The sky is not the limit (5/8)

Similar to Jamie’s post on surrealist eyes, I noticed the recurring imagery of the sky in surrealist poetry and art. In In Transition no. 2, the sky takes up space both physically in the paintings and metaphysically in the mind. The sky is hard (142), pink (129), and water-like (126). The sky is predictable, but also autonomous: “Across the world the clouds go riding, / green through the forests / flows their light” (9-11.145)  vs. “All the bridges are hewn down, the sky will pass there no more” (15.114). It’s mystifying, it grants “physical liberty” to its subjects. It is expansive, and for all we know, it contains limitless possibilities, and while we cannot reach it, we can draw it, paint it, capture it in a moment, and use it to describe the vastness of something we do not fully understand (“the sky of love”)(11.116). 

The treatment of the sky in surrealist poetry is reminiscent of the treatment of nature in pastoral poetry. Pastoral poems, plays, and literature all resisted the constraints of modern life and work and reached beyond for a more tranquil mode of existence. These types of poems could deal with all kinds of issues ranging from love to mourning, to politics, to longing, and critique society through a green world lens. I think that the surrealist poems do something similar. Beyond the fixation on the sky, the poets are fixated on constellations, seasons, the sea, trees, wind, meadows, and gardens. 

The poems are very introspective at times, like the way “From Phantasus” contemplates a past life from long ago or “Evening Song” takes its subject through the subconscious of falling asleep. All this to say is I wonder how influenced, if at all, by the pastoral movement surrealist poets were. Perhaps it has less to do with pastoralism in Renaissance or Victorian England and more to do with the grim effects of industrialism and post-war rebuilding. In surrealist poetry, the sky is a portal, the meadows are an escape, but the brokenness and the staggering juxtaposition of reality still loom large.



A famous Japanes poet once said, "When I die I wish I could take the sky with me." Of all things in nature, he found it to be the most beautiful. One of the reasons the poets are drawn to the sky is that it is ever changing, not stagnent. The sky can reflect our moods, somber, joyful and sunny, a drenching rain symbolizing a sadness or death, a hurricane or storm for anger, a sunrise bringing hope of a new day, or a sunset that looks back on life with accomplishments and regrets.
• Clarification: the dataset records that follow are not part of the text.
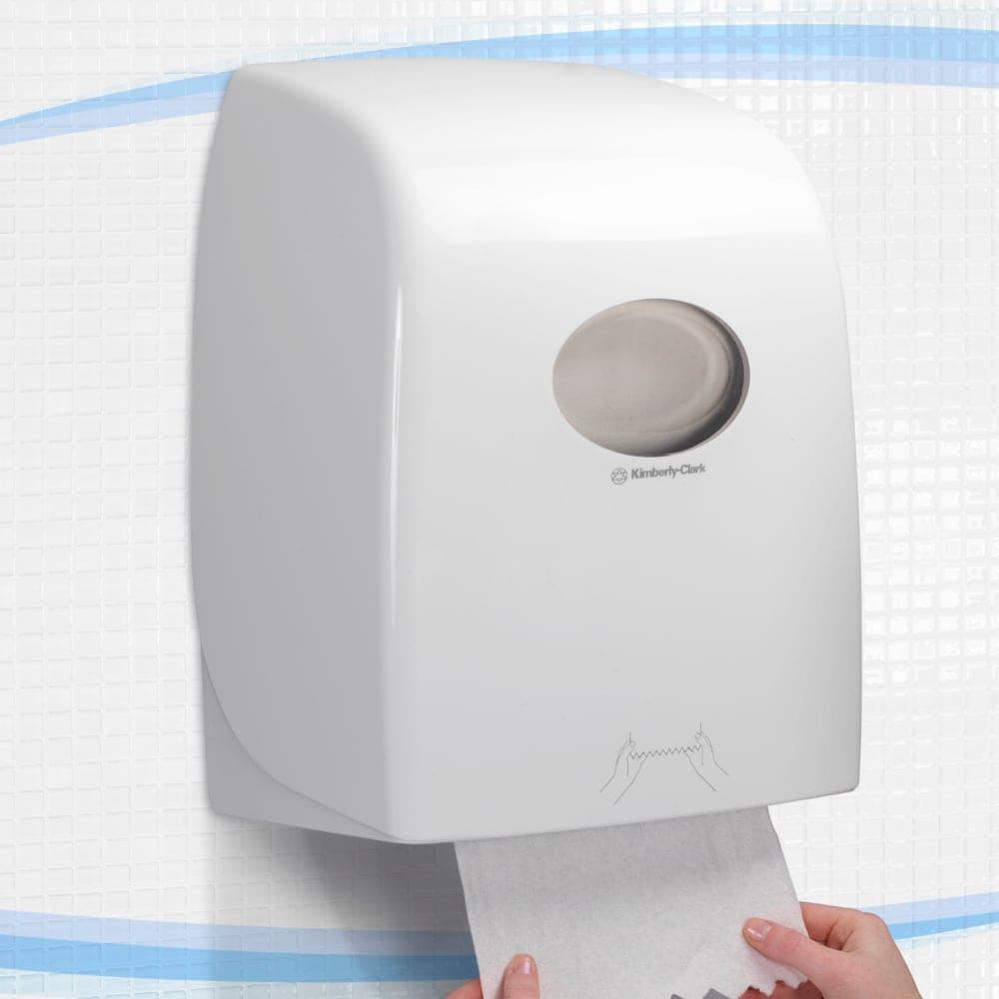 Диспенсер Kimberly-Clark Aquarius для полотенец в рулонах разработан для повышения уровня гигиены и эффективности использования бумажных полотенец в туалетных комнатах. Устройство обеспечивает подачу рулонных полотенец Scott по одному листу, что помогает исключить риск перекрестного загрязнения и снижает вероятность распространения бактерий. Диспенсер является оптимальным решением для помещений с высокой посещаемостью.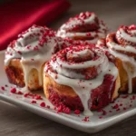 Delicious and festive red velvet cinnamon rolls perfect for Valentine’s Day.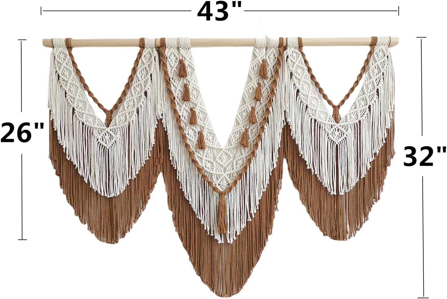 • Large Woven Tapestry: 43'' W x 32'' H (from top to the ends of longest fringe) This macrame wall hanging is great for a bedroom, living area, workspace, or anywhere where you'd like to bring some texture and interest to your walls.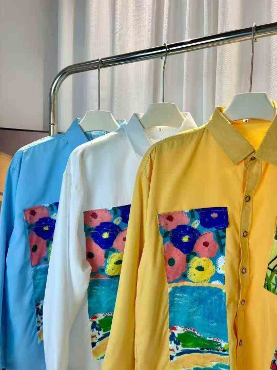 风油画可爱别致花朵小众设计感工装款长袖衬衫上衣 独立包装 码数1-4码 数量...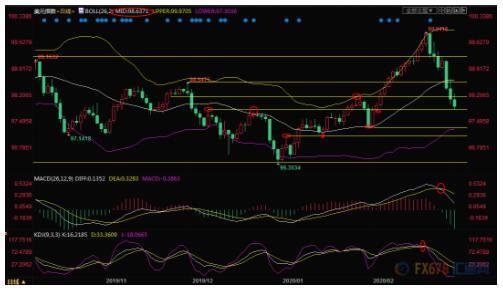 由于100日和200日均线的支撑也比较强,短线也需要警惕温和反弹的可能性,初步阻力在98整数关口附近,上周四低点阻力在98.35附近,顶破该阻力前,后市仍偏向空头;布林线中轨阻力在98.63附近,若意外顶破该阻力,则削弱后市看涨信号。
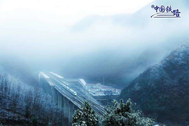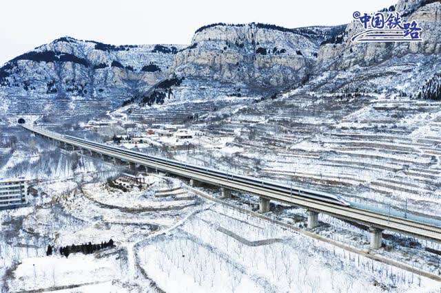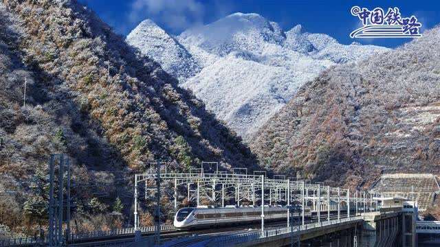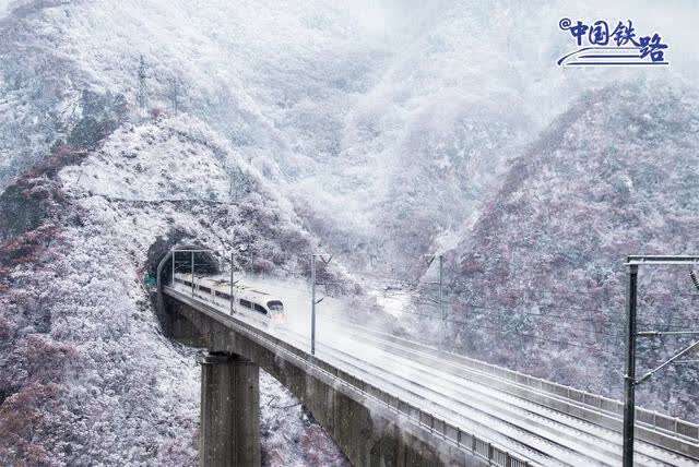 一列重联高铁动车组列车在白雪皑皑的崇山峻岭中驰骋。姜守凯 摄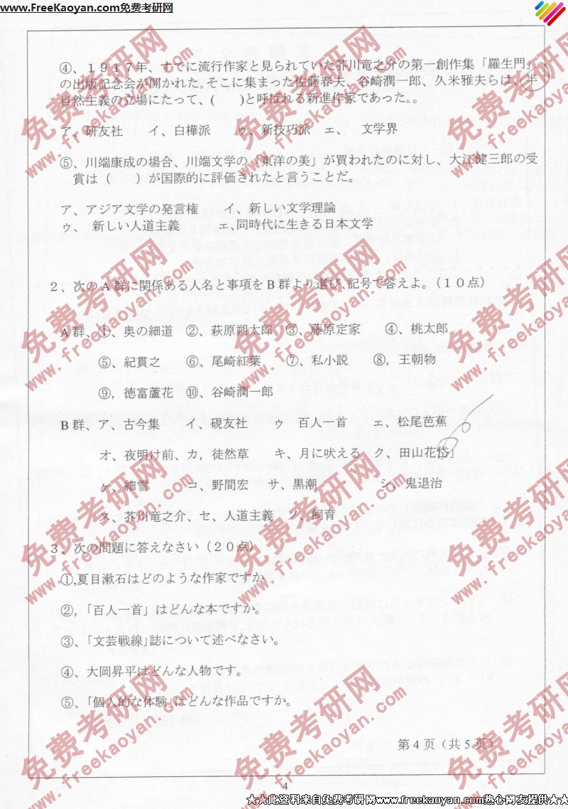 山东师范大学2005年考研真题-综合考试B(4)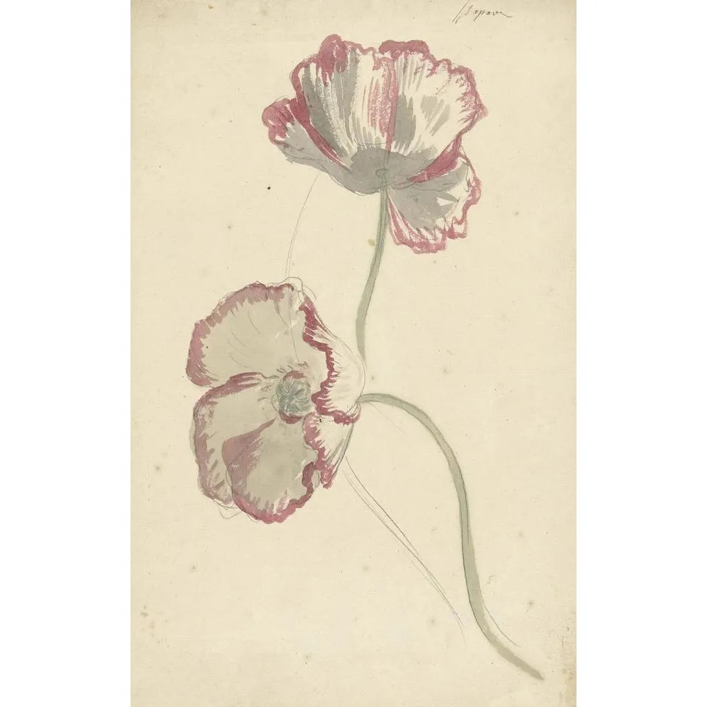 "Two studies of a poppy" taidegrafiikka on tyylikäs koristevalinta mihin tahansa asuintilaan. Olipa kyseessä olohuone, toimisto tai makuuhuone, tämä taidegrafiikka lisää hienostuneisuutta ja rauhallisuutta. Tulostuslaatu takaa värejen ja yksityiskohtien uskollisuuden alkuperäiselle teokselle, tehden tästä kappaleesta arvokkaan lisän kokoelmaasi. Valitsemalla tämän taidegrafiikan, annat sisustuksellesi kutsun pohdiskeluun ja luonnon kauneuden arvostamiseen, samalla kun kunnioitat lahjakasta taiteilijaa.
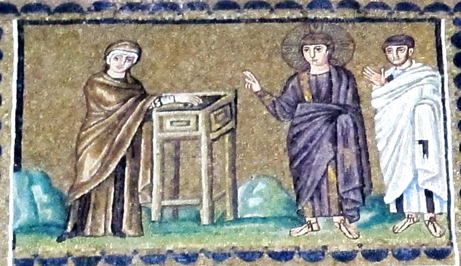 Köyhän lesken ropo - l’obolo della vedova - mosaiikkityö Ravennan Basilica di Sant’Apollinare Nuovo -kirkosta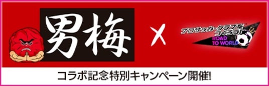 また、 “男梅コラボキャンペーン”を同日より開始しました。キャンペーンでは、リミテッドディビジョンの順位報酬として「男梅カップ記念ユニフォーム」が獲得できるカップ戦イベント“LIMITED MATCH 男梅 CUP”をはじめ、「男梅」とのコラボ記念エンブレムや各種金アクセサリーが獲得できる特別ミッション、「★5確定スカウトチケット」などが獲得できる豪華ログインボーナスなどが期間限定で登場します。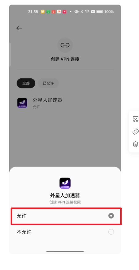 方法3:手动授予外星人加速器权限,由于不同手机的操作存在差异,以下是大致的操作流程 步骤1:打开设置应用 步骤2:在搜索框输入“VPN”进行查找 步骤3:定位到“外星人加速器”,并允许其获取VPN建立权限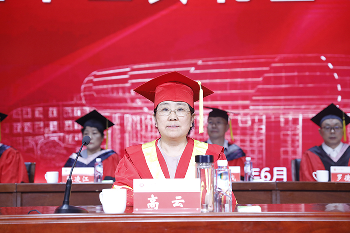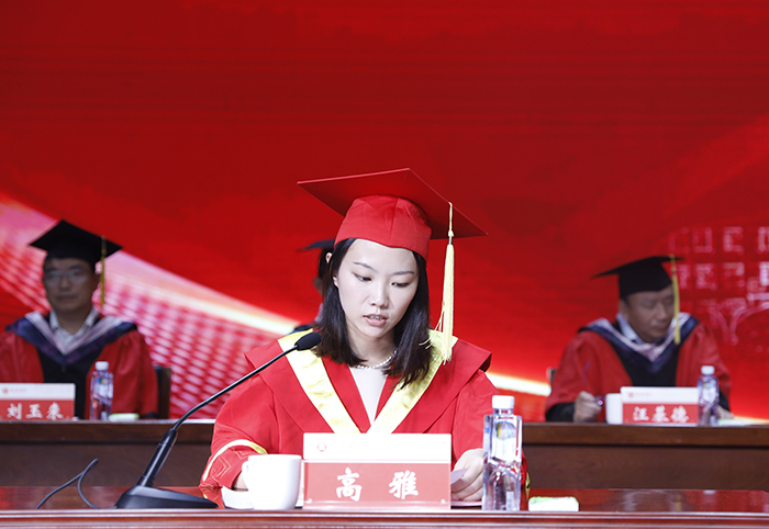 颁奖典礼结束后,高云、王北生等校领导和校学位评定委员会委员共同为2024届毕业生代表授予学位,正冠拨苏。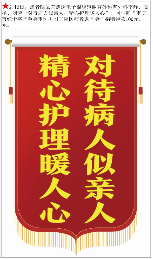 患者陆佩东赠送电子锦旗感谢普外科普外科李静等,并向医疗救助基金捐赠善款100元。-锦旗-患者心声-患者服务-重庆医科大学附属第三医院【官方网站】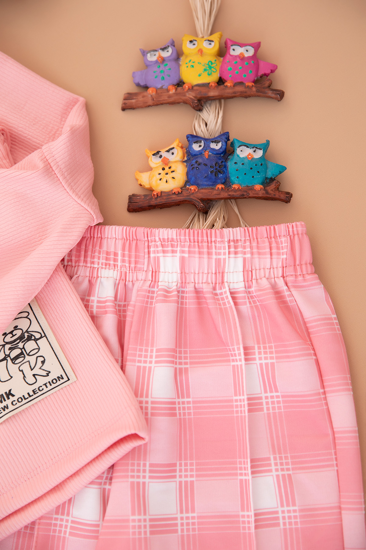 Kız Çocuk Fitilli Alt Kareli Takım - 190095 (4-11 Yaş)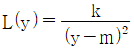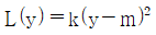 망목특성을 갖는 제품에 대한 손실함수는? (단, L(y)는 손실함수, k는 상수, y는 품질특성치, m은 목표값이다.)
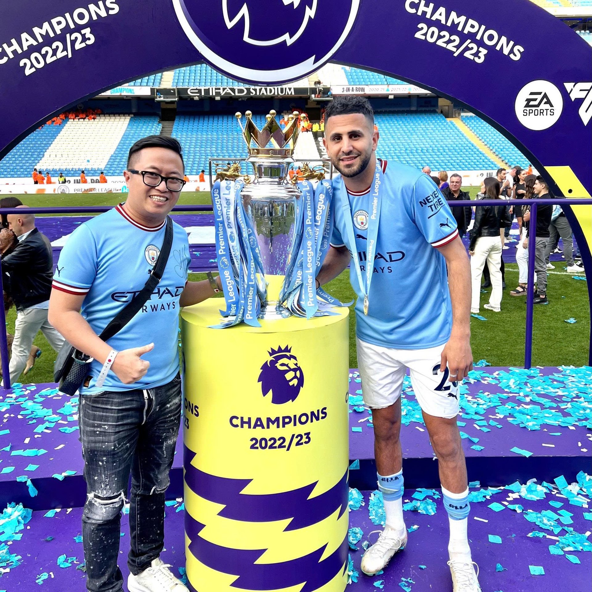 Businessman Quoc Cuong took a souvenir photo with Mahrez with the Premier League trophy during Manchester City's treble season. Photo: Businessman Quoc Cuong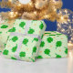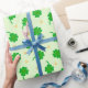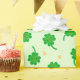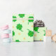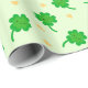Repete o padrão de quatro trevos de folha e corações amarelos num fundo verde-claro. Excelente para Dia de São Patrício.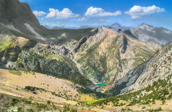 Озеро Кулисьех. Вдали перевал Лаудан в долину реки Чапдара и к Алаудинским озёрам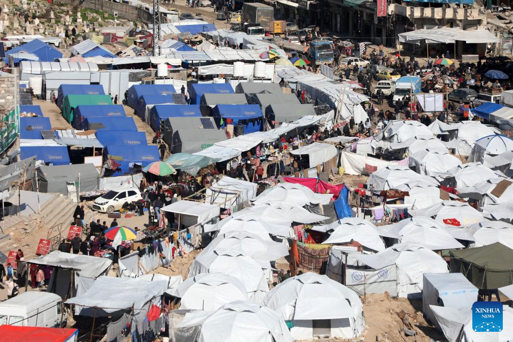This photo shows a view of one of the displacement camps at the Al-Shujaiya neighborhood in Gaza City, on Feb. 25, 2025. (Photo by Rizek Abdeljawad/Xinhua)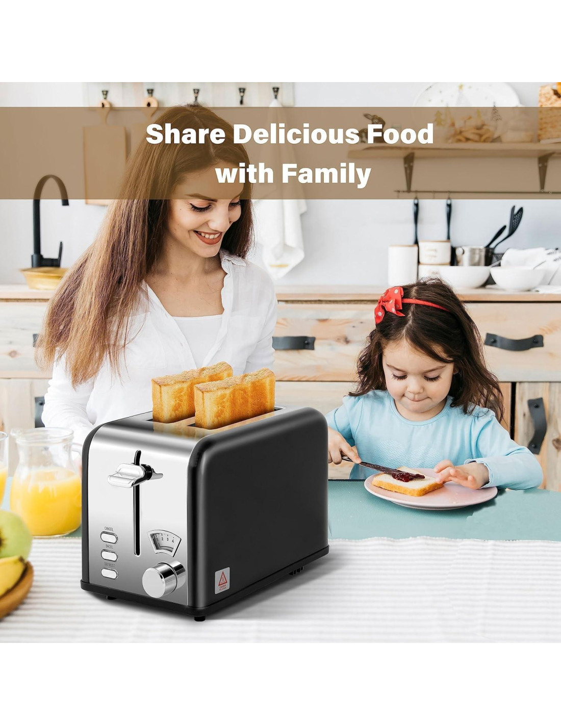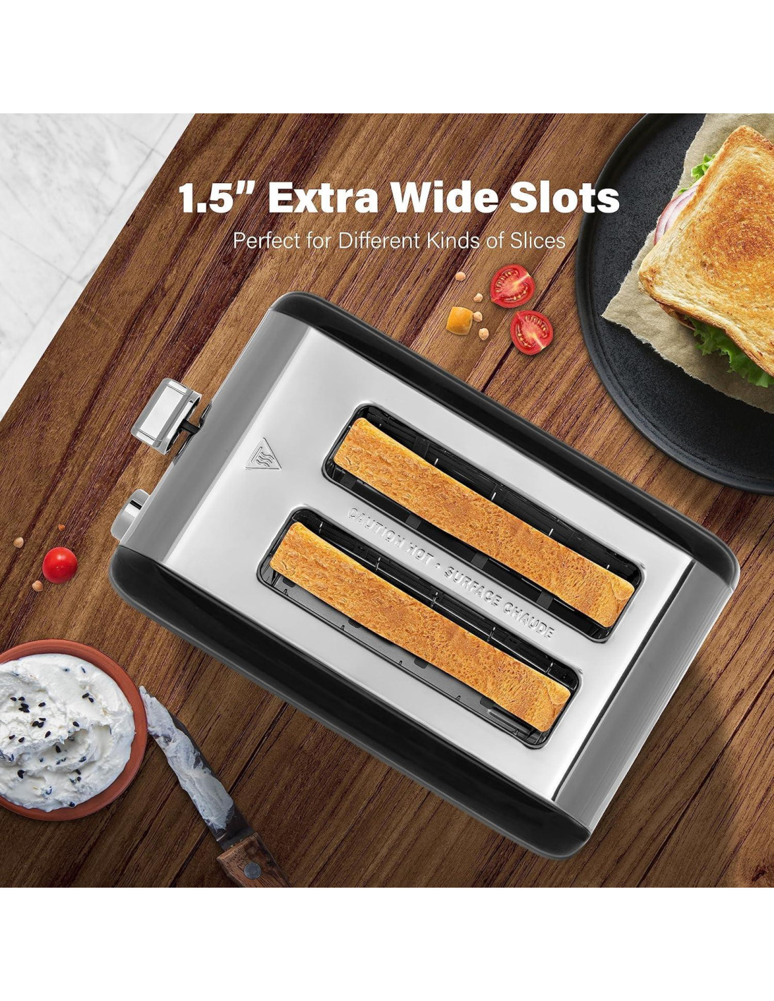 - Ranura de 1.5 pulgadas (3.81 cm) de ancho: La tostadora cuenta con una ranura de 1.5 pulgadas (3.81 cm) de ancho, que puede tostar diferentes tipos de pan, como waffles o pan artesanal grueso. Usando tecnología de calentamiento envolvente, hace que el calentamiento del pan sea uniforme, evitando efectivamente la desigualdad en el horneado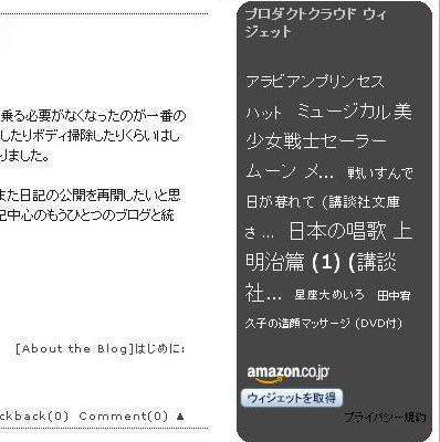 アマゾンがAmazon ウィジェット提供開始、ということで、プラグインに早速突っ込んでみました。デザイン上、プロダクト・クラウド・ウィジェットを導入。プロダクト・クラウド・ウィジェットとは: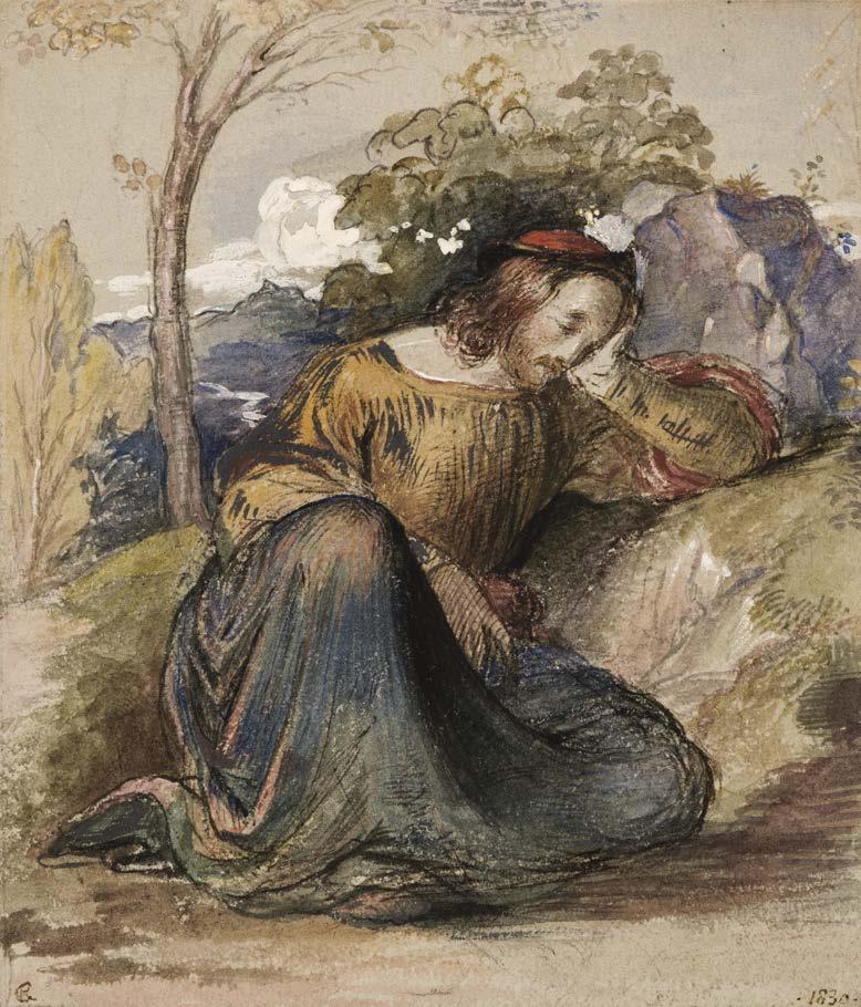A rare work from the early period of George Richmond's career, executed just before the artist's elopement with Julia Tatham. Richmond enrolled at the Royal Academy at the age of 15, where he met Samuel Palmer, and at 16 was introduced to William Blake. Their meeting had a profound effect on the young artist, and in 1824 Richmond, along with Palmer, Edward Calvert, Frederick Tatham, and others, formed the Blakeinfluenced group known as 'The Ancients'. The figure in the present work may well have been modelled on Samuel Palmer, who was known to dress in unconventional ‘revivalist’ clothing.

The sky could be a perfect pallet for Surrealist artist to put all these emotions and more as part of any scene in their dreamscapes. The sky even has a dreamlike, mysterious quality to it, with endless colors and the moon and stars that we can never touch, but for some reason we want to reach for. The dreams of Surrealism we can not touch either, but we can't help staring and being facinating by the images we come up with, much like the clouds that often form shapes in our minds.